Thinking in terms of imitation is also very helpful in discussing the critical examination of models and traditions. However much we try, an imitation is never perfect; even if it were perfect, the very fact that it is an imitation, situated in a different time and place, would make it different—maybe even more different than a looser interpretation. There’s always an implicit criticism even in our most faithful imitations, which always have a touch of satire or parody. The moral practices of those who identify these differences and mistakes is to bring them into conformity with the original. Maybe this is an exaggeration, maybe not, but I’m going to say that all of culture, all of our thinking and talking, is concerned with this question of the conformity of imitations to their models. If we ask whether someone is a “good” teacher, athlete, president, soldier, etc., we’re asking whether his actions conform to the model we share with others of that kind of activity.
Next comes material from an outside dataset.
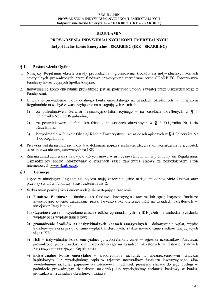 REGULAMIN PROWADZENIA INDYWIDUALNYCH KONT EMERYTALNYCH Indywidualne Konto Emerytalne – SKARBIEC (IKE – SKARBIEC) REGULAMIN PROWADZENIA INDYWIDUALNYCH KONT EMERYTALNYCH Indywidualne Konto Emerytalne – SKARBIEC (IKE – SKARBIEC) §1 Postanowienia Ogólne 1. Niniejszy Regulamin określa zasady prowadzenia i gromadzenia środków na indywidualnych kontach emerytalnych prowadzonych przez fundusze inwestycyjne zarządzane przez SKARBIEC Towarzystwo Funduszy Inwestycyjnych Spółka Akcyjna. 2. Indywidualne konto emerytalne prowadzone jest na podstawie umowy zawartej przez Oszczędzającego z Funduszami. 3. Umowa o prowadzenie indywidualnego konta emerytalnego na zasadach określonych w niniejszym Regulaminie moŜe być zawarta wyłącznie na następujących zasadach: 1) za pośrednictwem Serwisu Transakcyjno-Informacyjnego – na zasadach określonych w § 1 Załącznika Nr 1 do Regulaminu, 2) za pośrednictwem telefonu lub faksu - na zasadach określonych w § 2 Załącznika Nr 1 do Regulaminu, 3) bezpośrednio w Punkcie Obsługi Klienta Towarzystwa – na zasadach opisanych w § 4 Załącznika Nr 1 do Regulaminu. 4. Pierwsza wpłata na IKE nie moŜe być dokonana poprzez realizację zlecenia konwersji/zamiany jednostek uczestnictwa nie zarejestrowanych na IKE. 5. Zmiana zasad zawierania umowy, o których mowa w ust. 3, nie stanowi zmiany Umowy ani Regulaminu. Oszczędzający będzie informowany o zmianach zasad zawierania umowy za pośrednictwem stron internetowych www.skarbiec.pl. §2 Definicje 1. UŜyte w niniejszym Regulaminie pojęcia mają znaczenie, jakie nadaje im odpowiednio Ustawa oraz przepisy statutów Funduszy, z zastrzeŜeniem ust. 2. 2. Wskazanym poniŜej określeniom nadaje się następujące znaczenie: 1) Fundusz, Fundusze – fundusz lub fundusze inwestycyjne otwarte lub specjalistyczne fundusze inwestycyjne otwarte zarządzane przez Towarzystwo, oferujące IKE na zasadach określonych w niniejszym Regulaminie, 1a) Częściowy zwrot – wycofanie części środków zgromadzonych na IKE jeŜeli nie zachodzą przesłanki wypłaty bądź wypłaty transferowej, 2) gromadzenie środków na indywidualnych kontach emerytalnych - dokonywanie wpłat, wypłat transferowych oraz przyjmowanie wypłat transferowych, a takŜe inwestowanie środków znajdujących się na IKE, 3) IKE – indywidualne konto emerytalne, tj. wyodrębniony zapis w rejestrze uczestników Funduszu, prowadzone przez Fundusz dla Oszczędzającego na zasadach określonych w Ustawie, statutach Funduszy oraz niniejszym Regulaminie, 4) indywidualne konto emerytalne – wyodrębniony rachunek w ubezpieczeniowym funduszu kapitałowym, lub wyodrębniony zapis w rejestrze uczestników funduszu inwestycyjnego, albo wyodrębniony rachunek papierów wartościowych i rachunek pienięŜny słuŜący do jego obsługi w podmiocie prowadzącym działalność maklerską lub wyodrębniony rachunek bankowy w banku, prowadzone na zasadach określonych Ustawą, -1- REGULAMIN PROWADZENIA INDYWIDUALNYCH KONT EMERYTALNYCH Indywidualne Konto Emerytalne – SKARBIEC (IKE – SKARBIEC) 5) instytucja finansowa - fundusz inwestycyjny, podmiot prowadzący działalność maklerską, zakład ubezpieczeń, bank, prowadzące indywidualne konta emerytalne zgodnie z Ustawą, 6) konwersja/zamiana – jednoczesne odkupienie jednostek uczestnictwa w jednym Funduszu/Subfunduszu i nabycie jednostek uczestnictwa w innym Funduszu/Subfunduszu za środki pienięŜne uzyskane z odkupienia jednostek uczestnictwa, pod warunkiem Ŝe jednostki odkupywane jak i nabywane są rejestrowane na IKE Oszczędzającego (konwersja stanowi wypłatę transferową w rozumieniu Ustawy), 7) osoby uprawnione - osoby wskazane przez Oszczędzającego, które otrzymają środki z IKE w przypadku jego śmierci, a w przypadku braku wskazania – spadkobiercy Oszczędzającego, 8) Oszczędzający – osoba fizyczna, która gromadzi środki na IKE, 9) Portal – portal internetowy SKARBIEC Asset Management Holding S.A. dostępny pod adresem www.skarbiec.pl, 10) program emerytalny – pracowniczy program emerytalny w rozumieniu ustawy z dnia 20 kwietnia 2004 r. o pracowniczych programach emerytalnych (Dz.U. nr 116 poz. 1207), 11) Punkt Obsługi Klienta Towarzystwa – Punkt Obsługi Klienta prowadzony przez ProService Agent Transferowy Sp. z o.o. w Warszawie przy ul. Puławska 436, 12) Regulamin – niniejszy regulamin prowadzenia indywidualnych kont emerytalnych, 13) STI, Serwis Transakcyjno-Informacyjny - Serwis Transakcyjno-Informacyjny dostępny w ramach portalu internetowego SKARBIEC Asset Management Holding S.A., pod adresem www.skarbiec.pl, 13a) Subfundusz, Subfundusze – kaŜdy z subfunduszy wydzielony w ramach Funduszu z wydzielonymi subfunduszami, którego jednostki uczestnictwa mogą być nabywane w ramach IKE, 14) Towarzystwo - SKARBIEC Towarzystwo Funduszy Inwestycyjnych Spółka Akcyjna, 15) Umowa – umowa o prowadzenie IKE zawierana pomiędzy osobą zamierzającą gromadzić oszczędności na IKE (Oszczędzającym) a Funduszami, 16) Umowa STI - umowa o korzystanie z usług Systemu Transakcyjno-Informacyjnego, na mocy której osoba, która zawarła umowę, otrzymuje dostęp do informacji o stanie inwestycji w Funduszach oraz moŜliwość składania określonych w umowie zleceń i dyspozycji związanych z uczestnictwem w Funduszach za pośrednictwem Portalu, 17) Umowa TeleSkarbiec– umowa o składanie zleceń za pośrednictwem telefonu i telefaksu, na mocy której osoba, która zawarła umowę, otrzymuje dostęp do informacji o stanie inwestycji w Funduszach oraz moŜliwość składania określonych w umowie zleceń i dyspozycji związanych z uczestnictwem w Funduszach za pośrednictwem telefonu i telefaksu, 18) Ustawa – ustawa z dnia 20 kwietnia 2004 r. o indywidualnych kontach emerytalnych (Dz.U. nr 116 poz. 1205, ze zm.), 19) wpłata - wpłata środków pienięŜnych dokonywana przez Oszczędzającego na IKE, 20) wypłata - wypłata jednorazowa albo wypłata w

The question and subsequent discussion is necessary because there will always be some deviation, and we have to decide whether the deviation represents an improvement, an unavoidable improvisation, a betrayal, a corruption, and so on. And when we do this we are working with models, which we inspect and deconstruct in order to refine the practices that are component parts of other practices, and which those who follow us will judge in turn. And if the deviations increase, we may have to decide whether the model itself has been invalidated and replaced. Our judgments are never outside of the act being judged, and even if we see a betrayal of the model, even one that needs to be punished severely, we would still try to isolate the specific elements of the practice that constituted betrayal and preserve the rest—this prevents our justified abhorrence of betrayal from becoming an attractor of mimetic feelings that would tempt us into betrayals of our own.


The model for this moral practice is the originary scene itself, which “works” and “takes” because everyone on the scene can confirm before the others that all have put forward the same sign. The originary scene would itself be the first human learning experience, as a gesture only minimally different from one aimed at appropriation comes to mean exactly the opposite. Bertolt Brecht used the concept of an “alienation effect” to describe his pedagogical goals as a dramatist: the alienation effect involved breaking the illusion of reality the mimetic representation encourages and pointing explicitly at a gesture on the scene. The originary scene must have had a moment like that where putting forth a hand could be pointed to in the sense of “this doesn’t mean what you think it does.” And then it didn’t—but it did, because everyone now thought it meant something else. Any moral practice has this dimension of showing what you are doing because what you are doing could lead to deviations to be avoided or recuperated. And wouldn’t arguments with even bitter opponents be better if we first of all clarified the models we were bringing to bear?